▶ [Task goal]
The output should be every line below, retyped exactly, with no images.

Dataset excerpts

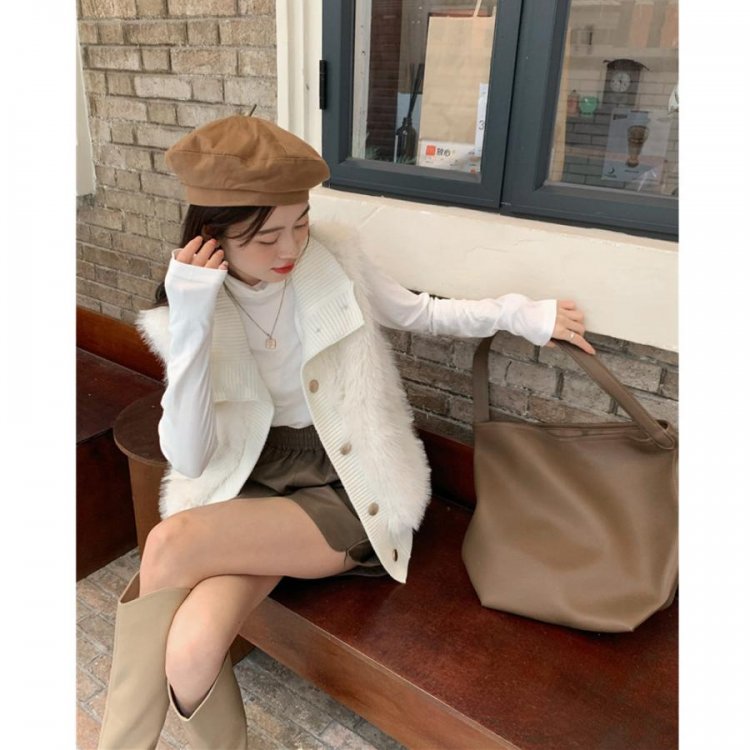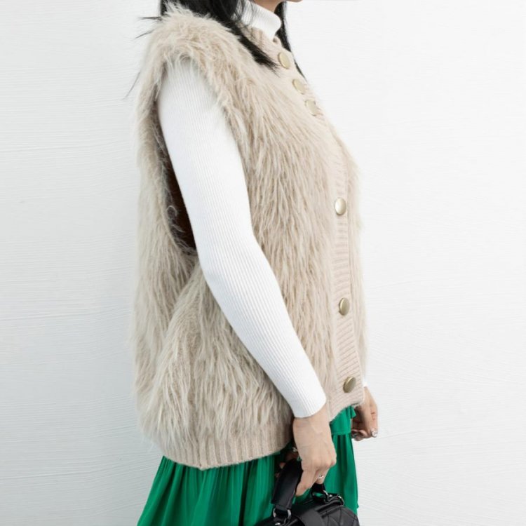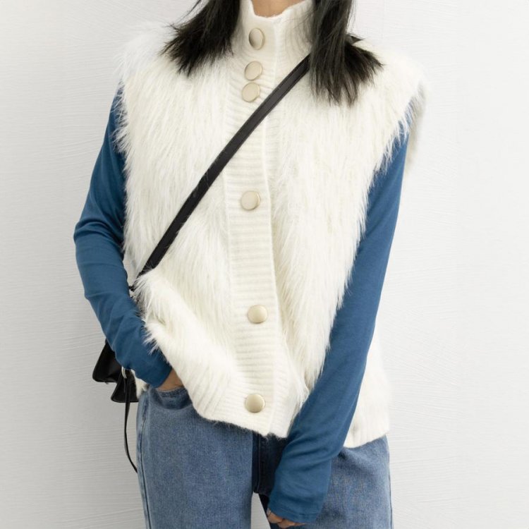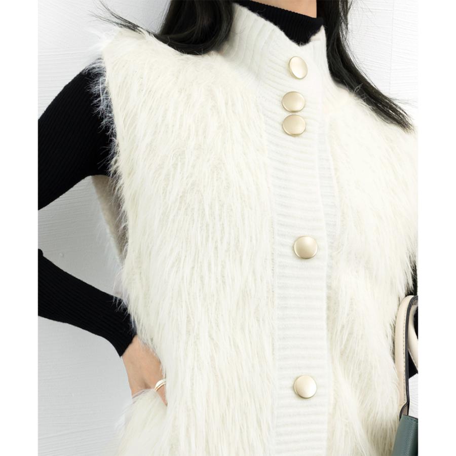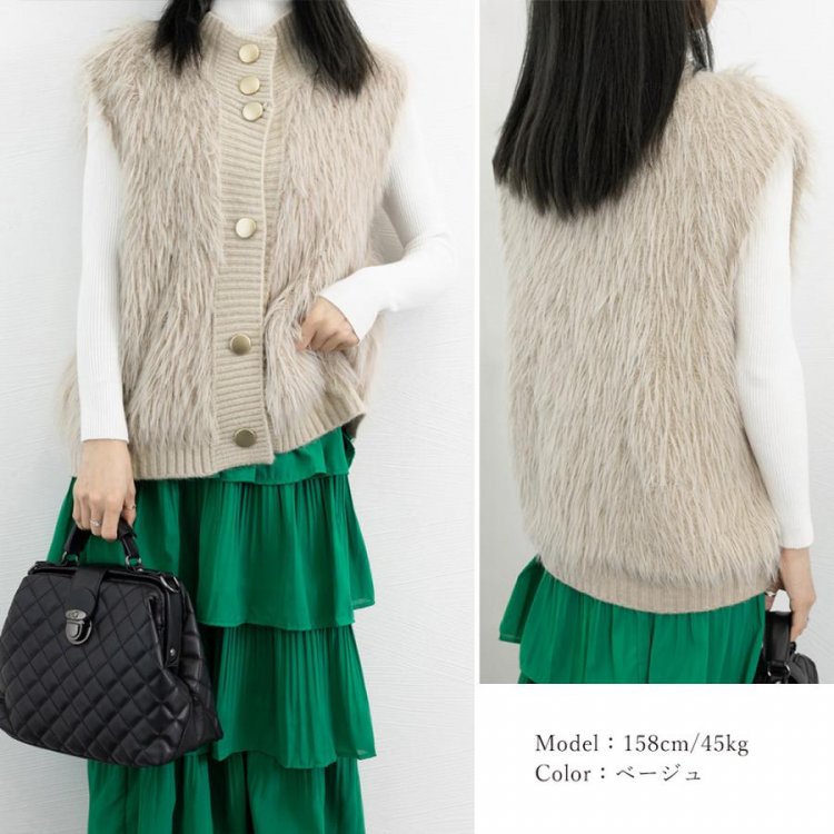 シーズンムード高まるふわふわな肌触り、ずっと触っていたくなるフェイクファー素材とちくちくしない上質ニット素材で仕上げた異素材mixジレ
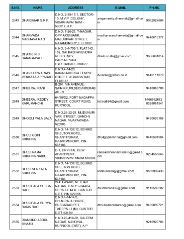 S.NO. NAME ADDRESS E-MAIL PH.NO.
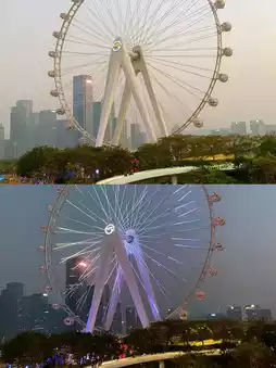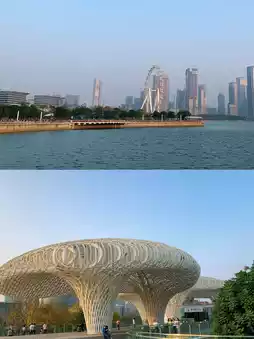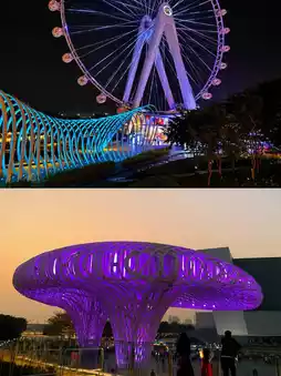 The Bay Area Light Ferris Wheel is the largest Ferris wheel in Asia and the first all-sky view rotating car-mounted Ferris wheel in China. It is 128 meters high and targets the London Eye!
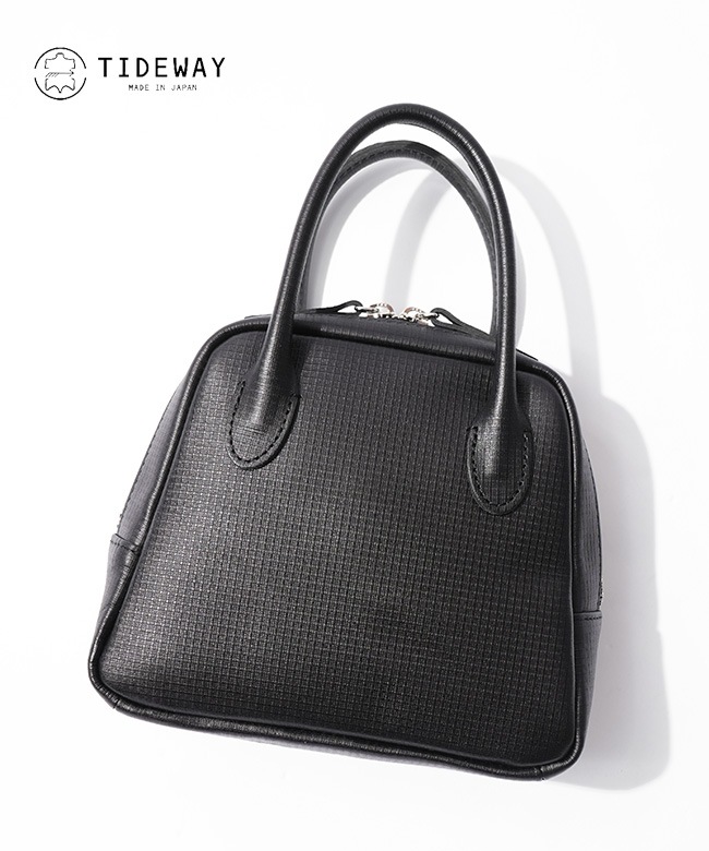 ブランドを代表する「MOSS」レザーを使用した、上品で機能的なボストンバッグにグリッドチェックの型押しを施したNEWデザイン。
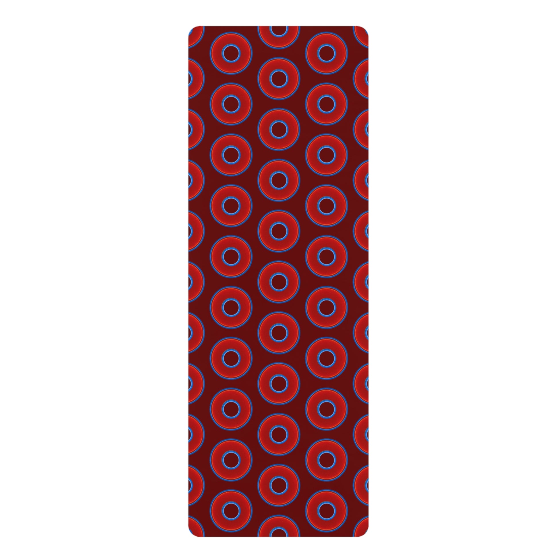 Lumpy Donut Yoga Mat :) - 24″ x 70" - vivid red donut print w/dark red background
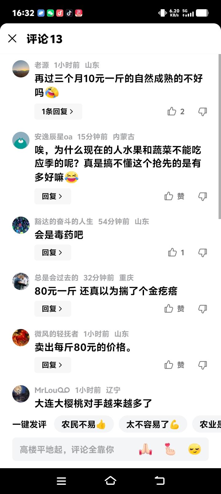 青岛果农“逆天改命”:80元一斤的“红宝石”背后,藏着中国人最狠的生存智慧 来源:青岛早报 当北方大地还在春寒料峭中沉睡,青岛平度云山镇的大棚里,却已是一片灼灼其华的“红”。80元一斤的“天价”大樱桃,像一颗颗红宝石挂在枝头,刺痛了无数人的神经。有人嗤之以鼻,有人望而却步,但鲜少有人追问:这抹反季节的嫣红背后,究竟是怎样一场与时间、与市场的生死竞速? 这不是简单的“抢鲜”,这是一场现代农民用智慧与汗水发起的“农业突围战”。当大多数人还在争论“应季”与“反季”孰是孰非时,像何洪礼这样的新农人,早已跳出传统的思维围城。他们手中的温度计、水肥一体化设备,就是最锋利的武器。智能温控精准模拟季节更迭,硬是在寒冬里“催”出了春天的果实。这哪里是违背自然?这分明是人类用科技,为自己多挣得了一份选择生活的权利。 每一颗提前两月上市的樱桃,都凝结着“时间差”里的惊人利润。春节前的市场空白,是黄金窗口。何洪礼们赌上的,不仅是投入的成本,更是对市场脉搏的精准拿捏。从“齐早”品种的引进,到“背上枝”修剪法的颠覆,每一步都是对“面朝黄土背朝天”旧观念的彻底革命。他们修剪的不是树枝,是僵化的思维;他们计算的不是产量,是农业的附加值。 面对“80元一斤是抢钱”的质疑,账本会说话。一亩大棚,盛果期产值可达20多万元。这高昂的价格,是为技术、风险与稀缺性买单。它让农民看到了,土地不仅能产出温饱,更能产出尊严与希望。当“新农人”成为令人羡慕的职业,乡村振兴才有了最坚实的内核。这抹“反季红”,红的是果子,暖的是人心,照亮的是无数个乡村的未来。 当然,争议从未停止。“科技狠活”与“自然熟”的争论,本质是不同生活理念的碰撞。有人追求极致的时令本味,有人则乐于享受科技带来的便利与丰富。市场自有其分流,无需彼此说服。但我们必须看到,正是这些敢于“第一个吃螃蟹”的人,用实践拓宽了农业的边界,保障了供给的多元。他们的探索,值得一份尊重。 从云山镇10公里的樱桃长廊,到全国各地的特色产业镇,中国农民正用最朴实又最前沿的方式,回答着关于生存与发展的时代之问。他们不再只是被动的守望者,而是主动的创造者。这80元一斤的樱桃,早已超越水果本身,它是一个信号,宣告着中国农业正从“汗水驱动”迈向“智慧驱动”的新纪元。 所以,当我们下次看到这些“非常规”的农产品时,或许可以少一分批判,多一分理解。每一颗超前的果实背后,都可能藏着一个家庭对美好生活的全力奔赴,藏着一个产业升级的惊险一跃。这抹鲜艳的“反季红”,是中国农民不服输、不认命的生动注脚。 现代农业崛起 新农人智慧

▶ [Output]
 シーズンムード高まるふわふわな肌触り、ずっと触っていたくなるフェイクファー素材とちくちくしない上質ニット素材で仕上げた異素材mixジレ
 S.NO. NAME ADDRESS E-MAIL PH.NO.
 The Bay Area Light Ferris Wheel is the largest Ferris wheel in Asia and the first all-sky view rotating car-mounted Ferris wheel in China. It is 128 meters high and targets the London Eye!
 ブランドを代表する「MOSS」レザーを使用した、上品で機能的なボストンバッグにグリッドチェックの型押しを施したNEWデザイン。
 Lumpy Donut Yoga Mat :) - 24″ x 70" - vivid red donut print w/dark red background
 青岛果农“逆天改命”:80元一斤的“红宝石”背后,藏着中国人最狠的生存智慧 来源:青岛早报 当北方大地还在春寒料峭中沉睡,青岛平度云山镇的大棚里,却已是一片灼灼其华的“红”。80元一斤的“天价”大樱桃,像一颗颗红宝石挂在枝头,刺痛了无数人的神经。有人嗤之以鼻,有人望而却步,但鲜少有人追问:这抹反季节的嫣红背后,究竟是怎样一场与时间、与市场的生死竞速? 这不是简单的“抢鲜”,这是一场现代农民用智慧与汗水发起的“农业突围战”。当大多数人还在争论“应季”与“反季”孰是孰非时,像何洪礼这样的新农人,早已跳出传统的思维围城。他们手中的温度计、水肥一体化设备,就是最锋利的武器。智能温控精准模拟季节更迭,硬是在寒冬里“催”出了春天的果实。这哪里是违背自然?这分明是人类用科技,为自己多挣得了一份选择生活的权利。 每一颗提前两月上市的樱桃,都凝结着“时间差”里的惊人利润。春节前的市场空白,是黄金窗口。何洪礼们赌上的,不仅是投入的成本,更是对市场脉搏的精准拿捏。从“齐早”品种的引进,到“背上枝”修剪法的颠覆,每一步都是对“面朝黄土背朝天”旧观念的彻底革命。他们修剪的不是树枝,是僵化的思维;他们计算的不是产量,是农业的附加值。 面对“80元一斤是抢钱”的质疑,账本会说话。一亩大棚,盛果期产值可达20多万元。这高昂的价格,是为技术、风险与稀缺性买单。它让农民看到了,土地不仅能产出温饱,更能产出尊严与希望。当“新农人”成为令人羡慕的职业,乡村振兴才有了最坚实的内核。这抹“反季红”,红的是果子,暖的是人心,照亮的是无数个乡村的未来。 当然,争议从未停止。“科技狠活”与“自然熟”的争论,本质是不同生活理念的碰撞。有人追求极致的时令本味,有人则乐于享受科技带来的便利与丰富。市场自有其分流,无需彼此说服。但我们必须看到,正是这些敢于“第一个吃螃蟹”的人,用实践拓宽了农业的边界,保障了供给的多元。他们的探索,值得一份尊重。 从云山镇10公里的樱桃长廊,到全国各地的特色产业镇,中国农民正用最朴实又最前沿的方式,回答着关于生存与发展的时代之问。他们不再只是被动的守望者,而是主动的创造者。这80元一斤的樱桃,早已超越水果本身,它是一个信号,宣告着中国农业正从“汗水驱动”迈向“智慧驱动”的新纪元。 所以,当我们下次看到这些“非常规”的农产品时,或许可以少一分批判,多一分理解。每一颗超前的果实背后,都可能藏着一个家庭对美好生活的全力奔赴,藏着一个产业升级的惊险一跃。这抹鲜艳的“反季红”,是中国农民不服输、不认命的生动注脚。 现代农业崛起 新农人智慧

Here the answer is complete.